In der SPD und auch bei den Grünen wird dabei eher an eine Reform der Schuldenbremse statt eines neuen Sondervermögens favorisiert. Dort verweist man darauf, dass mit einem Sondervermögen zwar neue Waffen gekauft werden könnten, man aber auch die stark steigenden Personal- und Unterhaltskosten der Bundeswehr aus dem normalen Haushalt bewältigt müsse. “Für die auskömmliche Ausstattung der Bundeswehr ist eine Ausnahme von der Schuldenbremse praktisch unumgänglich”, sagte auch Bundesverteidigungsminister Boris Pistorius (SPD) zu “Bild”. Der Haushalt des Verteidigungsministeriums “wird sich durch notwendige Investitionen in den kommenden Jahren auf über 100 Milliarden Euro verdoppeln müssen.

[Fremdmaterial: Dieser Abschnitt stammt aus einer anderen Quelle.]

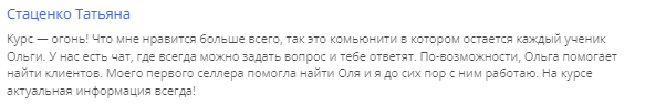 Отзывы о проекте по обучению работе с маркетплейсами Ольги Кудряшовой
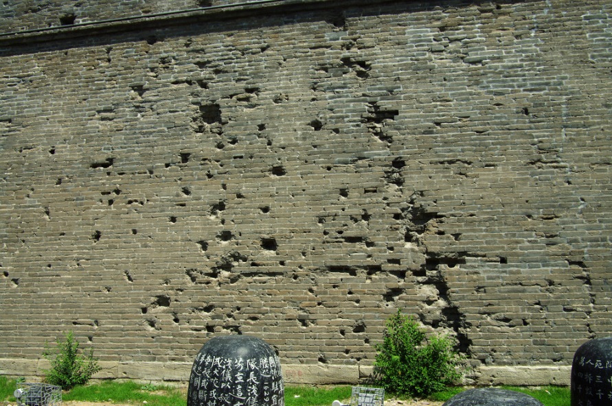 从卢沟桥景区出来,支部一行人进入宛平城。宛平城东门外,紧临城门的城墙边上是一条小道,沿着小道北行,左手边的城墙上保留了当年日军炮击宛平城的弹坑。城墙上随处可见大大小小的洞眼,有些地方洞眼密集,有些地方则相对稀疏,深浅不一,深的洞眼有10多厘米,而在这段城墙的中间部分是一个被毁坏的缺口,尽管进行了修葺,但依然能看出损毁的痕迹。眼前的景象不仅让人回想起当时战争的画面,更加让人怀缅为抗日战争不屈奋斗的革命烈士,也感慨今天的幸福生活来之不易。
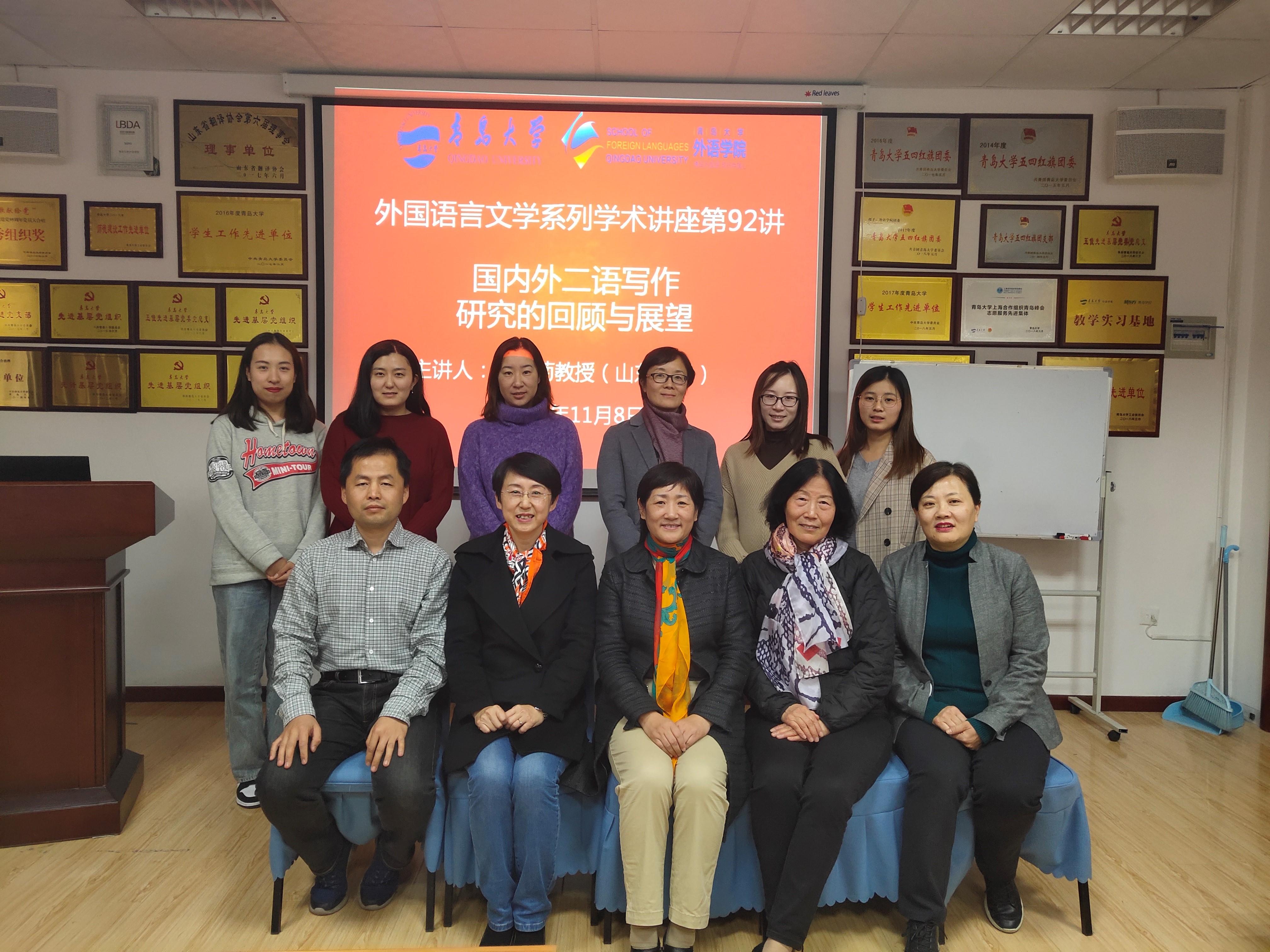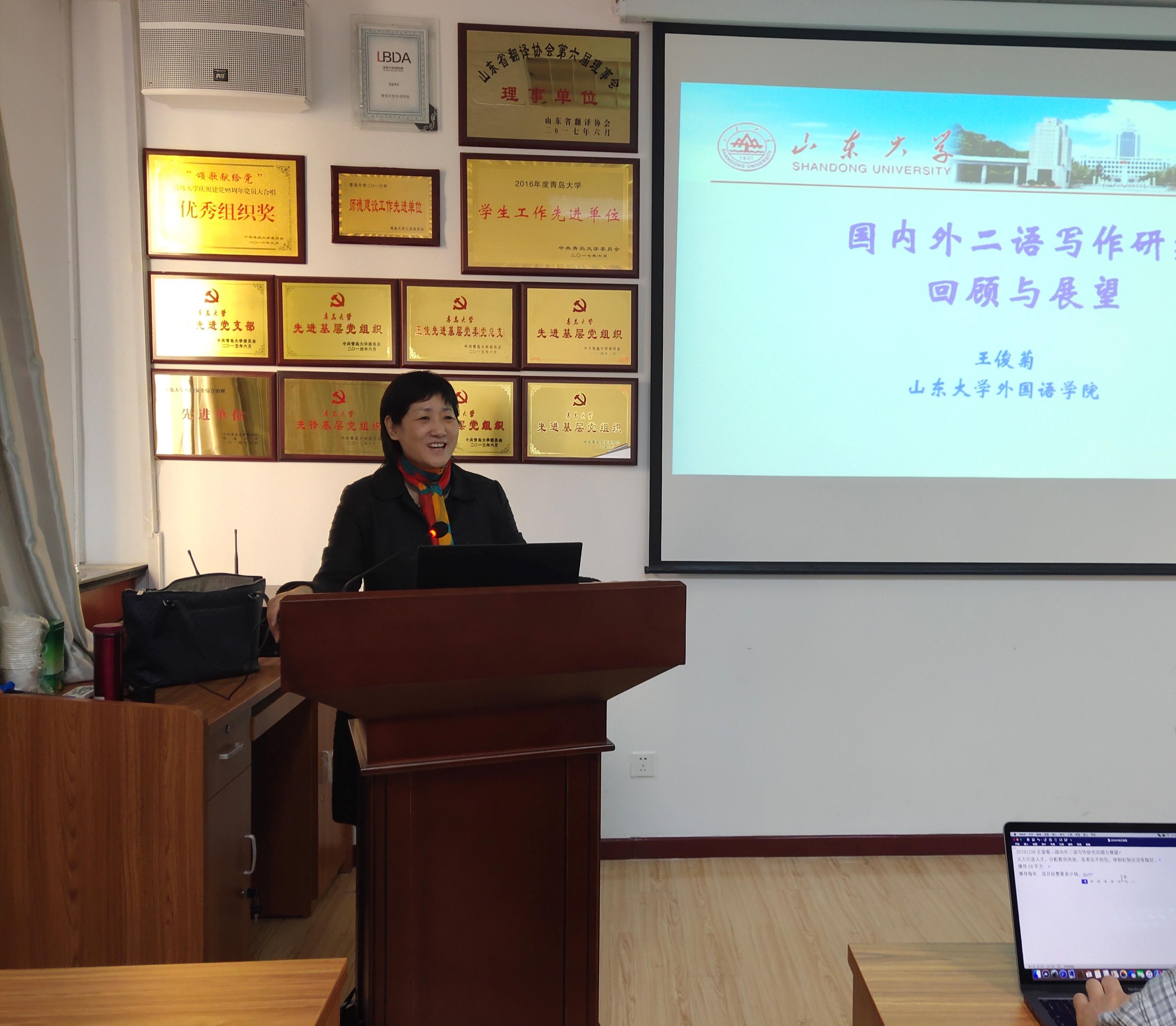 2019年11月8日,山东大学特聘教授王俊菊在博文楼312室为外语学院师生带来了题为“国内外二语写作研究的回顾与展望”的精彩学术讲座。此次讲座由外语学院院长卞建华主持,外语学院副院长布占廷以及孙旻、王曼等老师和外语学院部分学生出席了讲座。

Wir reden über mehr als drei Prozent des Bruttoinlandsprodukts”.
Die Grünen sind offen für eine Reform der Schuldenbremse noch durch den alten Bundestag. “Wir brauchen sie, wenn wir an Zukunft denken”, sagte die Co-Fraktionsvorsitzende Britta Haßelmann im Deutschlandfunk. “Wir brauchen dringend Zukunftsinvestitionen in innere, in äußere Sicherheit, in Klimaschutz und bei der Unterstützung der Wirtschaft.”
(Mitarbeit: Christian Krämer, Alexander Ratz, Reinhard Becker, Holger Hansen; redigiert von . Bei Rückfragen wenden Sie sich bitte an unsere Redaktion unter berlin.newsroom@thomsonreuters.com (für Politik und Konjunktur) oder frankfurt.newsroom@thomsonreuters.com (für Unternehmen und Märkte).)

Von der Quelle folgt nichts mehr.